По стенам стояли шкафы, и мне пришло в голову, что моя работа там. «Где моя работа?!» – завопил я, и так как мой блуждающий взгляд упал на шкафы, стоявшие вдоль стен, я хотел было кинуться к ним, чтобы разбить их стеклянные дверцы и все сокрушить, лишь бы доискаться правды!.. Но девицы закричали: «Идите к проректору, к проректору! Он принимает, идите к нему!»
По этажам и коридорам, влетая в какие-то комнаты, ошибаясь и снова спрашивая дорогу, добрался я до проректора. Это был вежливый господин, настоятельно рекомендовавший мне успокоиться. Он даже наливал мне воду из графина, и я ее пил и говорил «спасибо»; я сидел в глубоком кожаном кресле и все пытался найти ответ на поставленные мне вопросы: "Почему я уверен, что я лично в своей работе не мог допустить ошибок, а мы, — то есть они, — одно из лучших в стране высших учебных заведений, в своей работе могли допустить ошибку? Почему я, молодой человек, обвиняю их и не хочу обвинять себя?" Я твердил одно: «Я пишу грамотно, школьную программу знаю, покажите мое сочинение». Наконец выяснилось, что он не имеет права показывать сочинение, на это должно быть специальное разрешение министерства. Но так и быть, он позвонит преподавателю, который выставлял мне оценку. Проректор набрал номер, поздоровался и сказал, что у него сидит возмущенный абитуриент – минуточку, как фамилия? – Финкельмайер, который… Проректор не успел объяснить, чем возмущен его посетитель: на том конце провода тут же вспомнили и меня, и мое сочинение, и оценку.

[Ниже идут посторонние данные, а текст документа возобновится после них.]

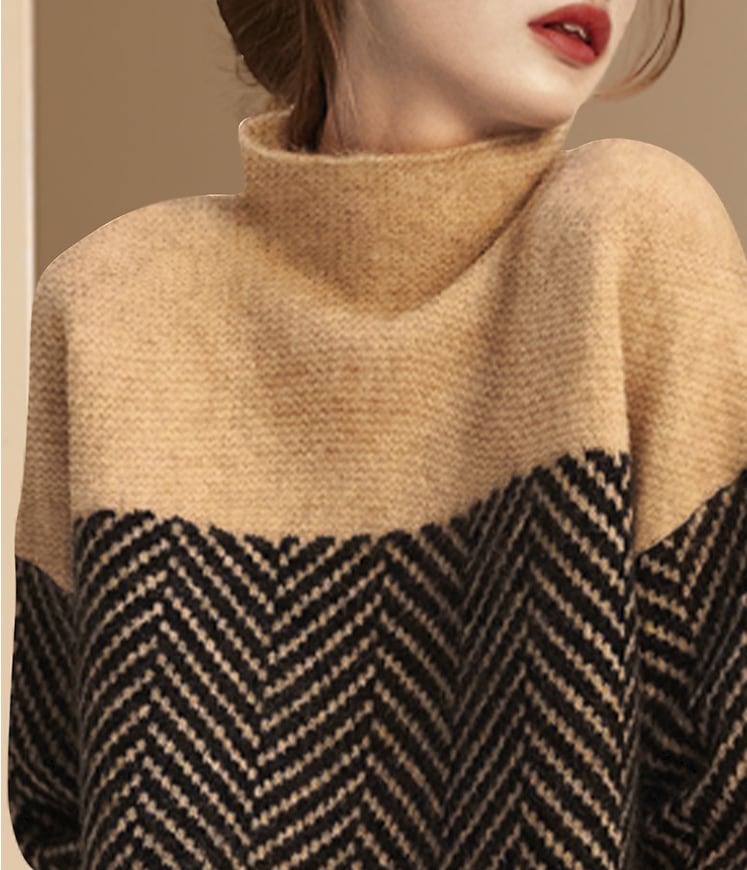 厚手であったかいハイネックセーターでウィンターファッションをカジュアルに。ツーカラーのデザインでオシャレな印象に。ベーシックカラーが他のアイテムとの相性抜群。オールマッチなトップス。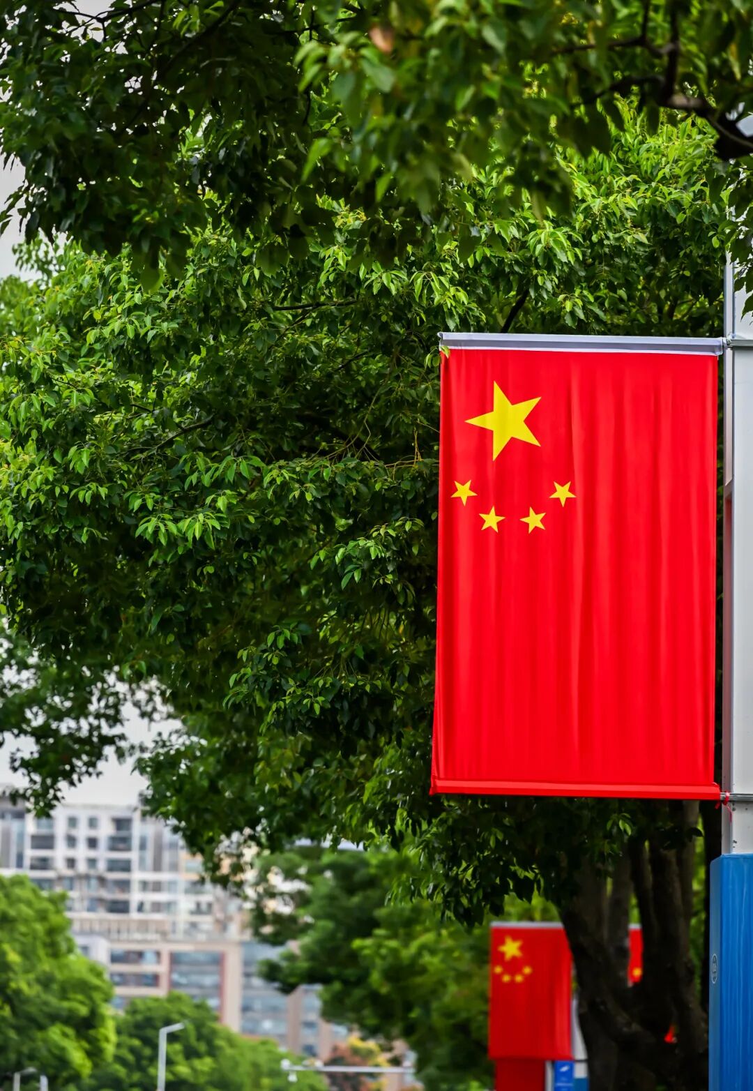 五星红旗与蓝天白云交相辉映

– Тогда я дам ему трубочку, – сказал проректор и через стол протянул ее мне.
– Вы беззастенчиво списывали, и вы это знаете сами, вот и вся причина, – услышал я чей-то резкий холодный голос.
– Как?! – заорал я. – Что же я списывал?! Откуда?
– Из Пушкина, Александра Сергеевича, – со смешком ответили мне. – Обильное цитирование, со всеми орфографическими отклонениями, свойственными автору «Онегина». Книга лежала у вас на коленях, молодой человек.
– Неправда! – кричал я в ответ. – Это неправда! Я помню Онегина наизусть! Вместе с отрывками из десятой!
– Не морочьте мне голову!
– Я буду читать! Какую главу?! Скажите любую строку, для меня не имеет роли, — сказал я, – не имеет роли, откуда начать!
– Сперва, Финкельмайер, научитесь правильно говорить по-русски, – со злорадством и ненавистью ответил мой милый собеседник, знаток пушкинской орфографии. – Надо говорить «не имеет значения» или «не играет роли», что-нибудь одно. Научитесь правильно говорить, а потом уже правильно писать. – И он бросил трубку.